To give some context, following on from Lagrange's 1770 analysis of solving quadratics, cubics and quartics, Ruffini's result forms part of his analysis of transforming a polynomial $x^n+ax^{n-1}\ldots=0$ by taking a rational function of its roots $f(x_1,x_2,\ldots,x_n)$, finding how many different expressions are formed by this function when the roots are permuted in all possible ways, say $y_1,y_2,\ldots$, and forming the new polynomial $(y-y_1)(y-y_2)\ldots$. For example, if $f(x_1,x_2,x_3)$ creates just two fundamentally different expressions when $x_1,x_2,x_3$ are permuted in all $3!=6$ ways (such as $f(x_1,x_2,x_3)=(x_1+\alpha x_2+\alpha^2 x_3)^3$ where $\alpha$ is an imaginary cube root of 1) then the new polynomial in $y$ will be a quadratic. (Lagrange and Ruffini show this is actually the start of the method of solving a general cubic, and while the calculations may be difficult, it is always possible to find the coefficients of the transformed polynomial as the coefficients are symmetric functions of $y_1,y_2,\ldots$ which are functions of $x_1,x_2,\ldots$ permutated in all of the ways which produce different results, and so the coefficients of the transformed are symmetric function of $x_1,x_2,\ldots$ and so can be expressed in terms of the elementary symmetric functions of $x_1,x_2,\ldots$ which can be read off from the coefficients of the original polynomial in $x$.)
Ruffini's argument for there being no formula for a general quintic in his 1799 'General Theory' rests on analysing the structure of $S_5$, i.e. the 120 permutations of the five roots of a general quintic $x_1,x_2,\ldots,x_5$, showing that there is no set of transformations such as the above which lead to a quadratic, cubic or quartic from which one could extract fifth roots, the latter being needed in order to obtain five roots in general for a quintic. He originally just states that it is no use transforming to any polynomials higher than a quartic as there are no known general solutions to such equations, but a possible objection might be that it could be useful to transform to a sextic, say, specifically designed to be solvable by factorisation. Transforming to a sextic seems possible as there are permutation groups in $S_5$ of order 20, leading to the possibility of creating a rational function of five variables which produces $5!\div 20=6$ different expressions when the variables are permuted. The following result from his 1803 reply to Abatti, rules out this out this sextic being factorisable, however, i.e. showing that this route to solving a general quintic won't work.
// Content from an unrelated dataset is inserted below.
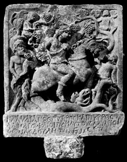 | Оброчна плочка на бог Асдулес от Мелник, 214 г. сл. Хр. Епитет на Тракийския конник в синкретизъм с Дионис |
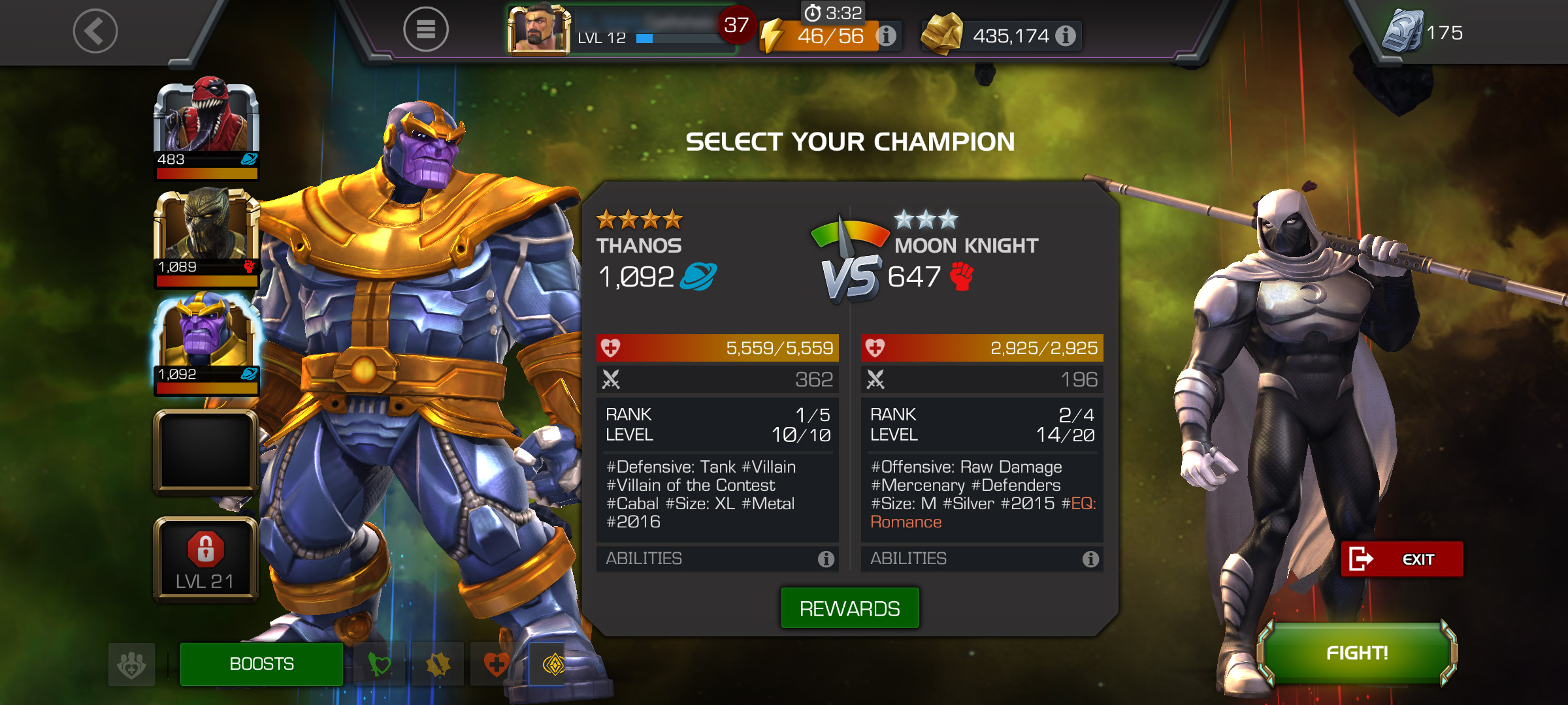 Contest of Champions is a fighting game based off of the famed comic book mini-series. It is a fast paced game with limited controls due to the touch interface of smart phones. It, however, features complex resource and team management aspects. It also has pay-to-play features allowing players to purchase in game currency used for unlockables and customization. Only a few characters are immediately playable, with all of the others requiring some level or acheivement to unlock.

Incidentally, I'm aware that Ruffini is assuming that the function $f$ is a rational function, something which needs Abel's later work in order to complete Ruffini's overall argument, but this assumption of the rationality of $f$ is explicitly stated in the following and so I assume isn't an unwarranted assumption in terms of the result alone (I'd welcome any comments on this, though).
So, to get to the result in question: in Section 28 of his reply to Abbati, Ruffini says that if we start with a general polynomial $$\tag{1} x^n+Ax^{n-1}+Bx^{n-2}+\ldots=0$$ and transform by a suitable rational function $f(x_1,x_2,\ldots,x_n)$ as described above to another polynomial $$\tag{2} y^m+My^{m-1}+Ny^{m-2}+\ldots=0$$ then the latter cannot be factorised, i.e. doesn't have a factor of the form $$\tag{3} y^r+Py^{r-1}+\ldots+Ty+U=0$$ where $0<r<m$ and $P,\ldots,T,U$ are rational functions of the coefficients $M,N,\ldots$ (the reason for the slightly different form of $(3)$ is seen next).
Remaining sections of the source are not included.